Neil nodded. “Twelve and a half minutes before his card would’ve rolled over.”

“The Lord was lookin’ out for him.” The freckled sailor slipped a tiny gold chain from beneath his polo shirt, glancing at the attached cross like the White Rabbit consulting his pocket watch.

Neil winced. This wasn’t the first time he’d encountered a Jesus aficionado. As a rule, he didn’t mind them. Once at sea, they were usually diligent as hell, cleaning toilets and chipping rust without a whimper, but their agenda made him nervous. Often as not, the conversation got around to the precarious position of Neil’s immortal soul. On the Stella, for example, a Seventh Day Adventist had somberly advised Neil that he could spare himself “the trouble of Armageddon” by accepting Jesus then and there.

“What’re you doin’ on the fire escape?”

“It’s cooler out here,” said the freckled sailor, unwrapping a package of Bazooka bubblegum. He scanned the comic strip and chortled, then popped the pink lozenge into his mouth. “I’m Neil Weisinger.”

“Leo Zook.”

Drawing his plastic Bugs Bunny lunch box from his seabag, Neil climbed through the window.

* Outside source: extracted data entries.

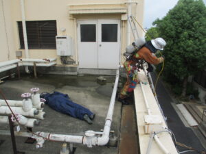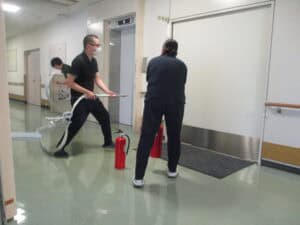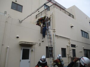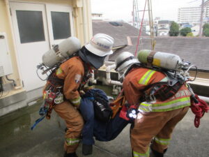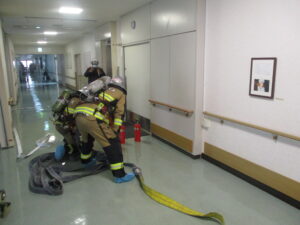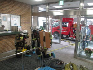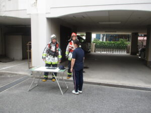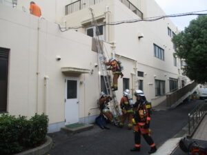 訓練は通報・消火・避難を一連の流れで行い、2Fに要救助者が1名取り残されている事を想定とし消防隊員による救助活動の見学をさせていただきました。消防隊の動きや連携、声かけ、安全確認など学ぶ事が多くとても有意義な時間となりました。
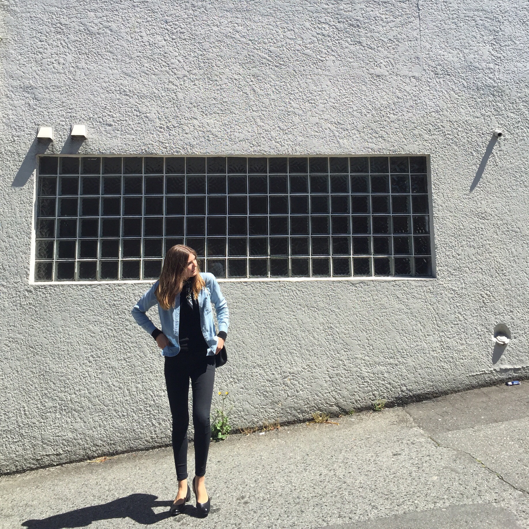 Denim Shirt: Aritzia, similar from American Apparel, Sweater: Similar from Forever 21, Pants: TopShop, Shoe: ECCO
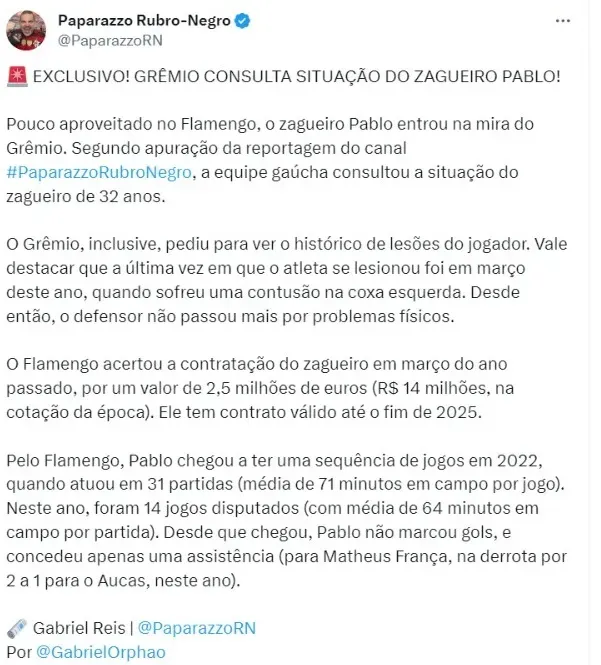 O zagueiro Pablo entrou na mira do Grêmio. Segundo apuração da reportagem do canal Paparazzo Rubro-Negro, a equipe gaúcha consultou a situação do zagueiro de 32 anos.

He’d always been a great admirer of Bugs. The rabbit was a loner, and liked it. No friends. No family. Smart, resourceful, rejected by the outside world. There was something rather Jewish about Bugs Bunny.

“Hey, Leo, I saw three killer cards in the box, and none of ’em belongs to you.” The fire escape seemed no cooler than the hall, but the view was spectacular, a clear vista stretching all the way from midtown to the Statue of Liberty. “Why don’t you leave?”

“The Lord told me I’d be getting a ship today.” From the zippered compartment of his seabag, Zook retrieved a tattered booklet titled Close Encounters with Jesus Christ, the author being one Hyman Levkowitz. “You might find this interesting,” he said, pressing the tract into Neil’s palm. “It’s by a cantor who found salvation.”